Even while overall newspaper circulation in India has increased with growing literacy and vernaculars, news organizations continue to grapple with a failing traditional business model, putting few in a position to neglect available advertising revenue. “Paid news” maintains its ground in Indian media, compounded by the less visible cost of keeping advertisers and business partners happy. Unlike larger English-language newspapers, Hindi papers in states like Chhattisgarh are frequently reliant on government advertising. One report found that the local government contributes nearly half the advertising spend in the state. Of the remainder, a sizable chunk of both ad spend and “paid news” comes from some of India’s largest business conglomerates, ranging from subtle bylines to a full front page advertisement for Adani Mining. The risk of pulled support due to unkind coverage is dangerously high.

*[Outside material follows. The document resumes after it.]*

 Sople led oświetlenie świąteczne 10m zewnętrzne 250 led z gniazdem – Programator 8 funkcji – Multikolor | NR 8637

In addition to financial ties, big business “support” of Indian media often includes personal connections and access to elites in both business and politics–a door that occasionally swings in both directions. When former lobbyist Niira Radia was taped exchanging promises and advice with several leading journalists and editors, the Indian media was thrown into a maelstrom of debate on just where the boundaries lie, the shockwaves of which are still felt today. At the time, Radia represented the interests of two of India’s largest business conglomerates, the Tata Group and Reliance Industries. Both are leading players in the resource extraction ripping through central and eastern India, making any cozy relations with media questionable at best. Journalists and news outlets who don’t play the game, on the other hand, face the threat of media bans in retaliation for “biased reporting.”
- 3. Big industries are becoming powerful players in the media sphere.

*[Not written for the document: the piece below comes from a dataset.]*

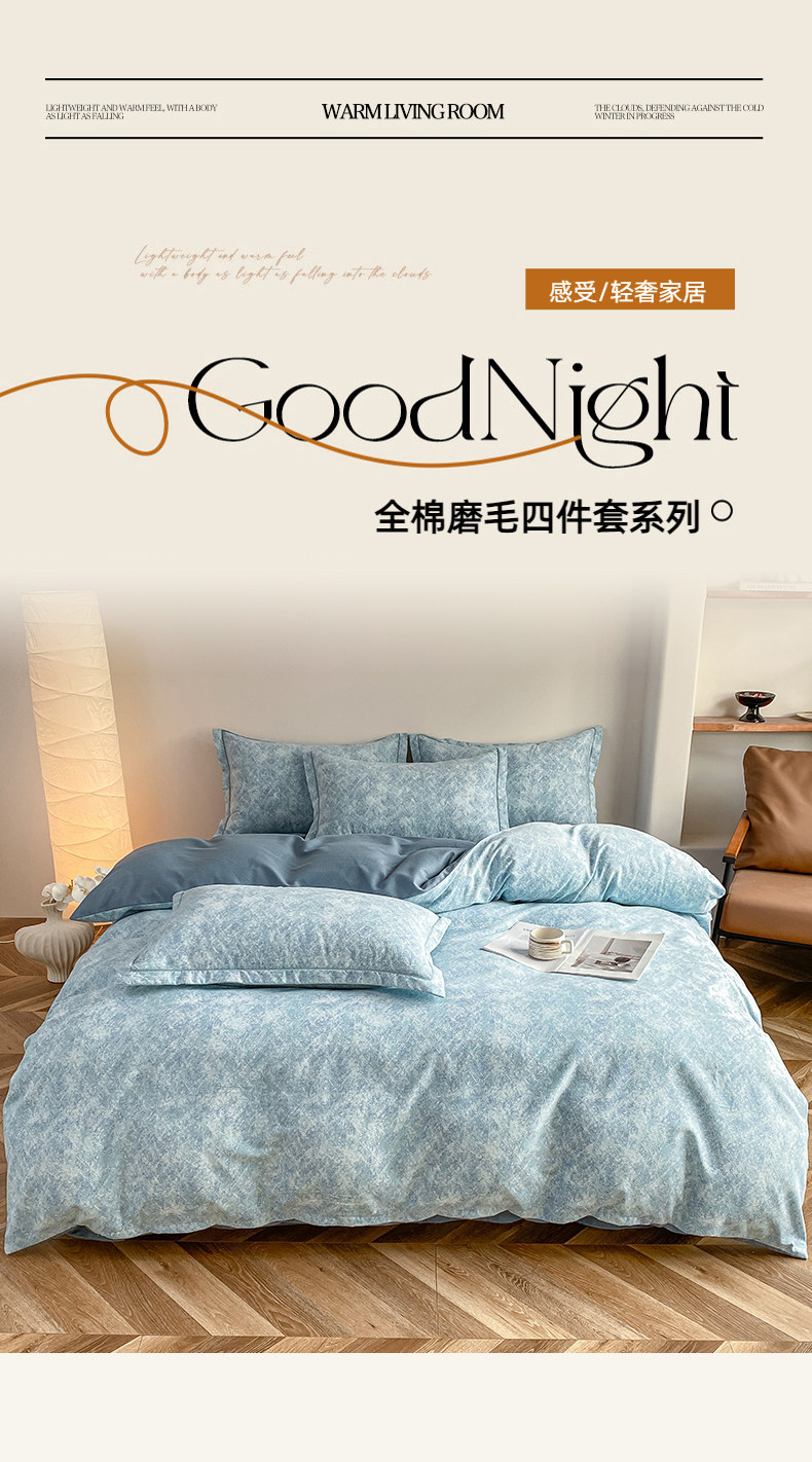 全棉磨毛暖感被套两件套-【被套180x220cm+枕套一只】

In 2014, Reliance Industries acquired Network18 Media and Investments, one of India’s largest media companies and home of TV channels like CNN-IBN and CNN Awaz, websites, magazines, and entertainment channels. In a nation relatively accustomed to overlapping interests, the acquisition was met by an onslaught of sharp critiques, but ultimately the takeover went through. Reliance Industries now includes operations in petrochemicals, refining, textiles, retail, and a massive telecommunications offshoot. Tata Group also operates its own communications firm, in addition to its thriving businesses in steel, power, and automobiles.
Another sizable company in resource extraction, Adani Mining, is “playing card close to its chest” as it eyes up new coal prospects in Chhattisgarh, studiously avoiding media coverage beyond its own limited press releases. What each is less likely to keep quiet about are their corporate social responsibility projects and the stellar PR teams pushing them, backed by some of the wealthiest individuals in India and providing ample distraction from their less positive impact in the region.

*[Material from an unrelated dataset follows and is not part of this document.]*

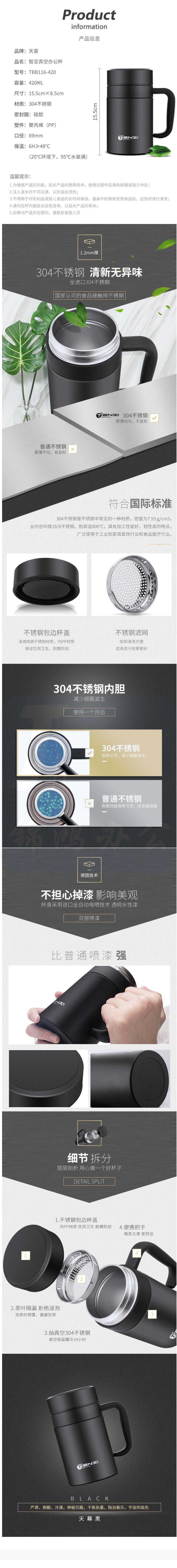 天喜 黑色520ml 保温杯 泡茶杯304不锈钢水杯带把手杯

An otherwise vibrant media space, captured.
The latest Freedom House numbers rank Indian press the freest in South Asia and the nation is rightly proud of its lively media. The past three decades have witnessed remarkable growth in both media and big business, but the intertwined evolution of the two leaves much to be desired. Has the booming industrial agenda overridden the media watchdog? In 2011, upon approving a coal mine in a protected area, former environment minister Jairem Ramesh cited an “overriding economic interest.” Though the region has since seen some successful legal pushback in the face of industrial transgressions, that “overriding economic interest” threatens to remain so long as censorship and collusion stifle media coverage of the human and environmental costs of development.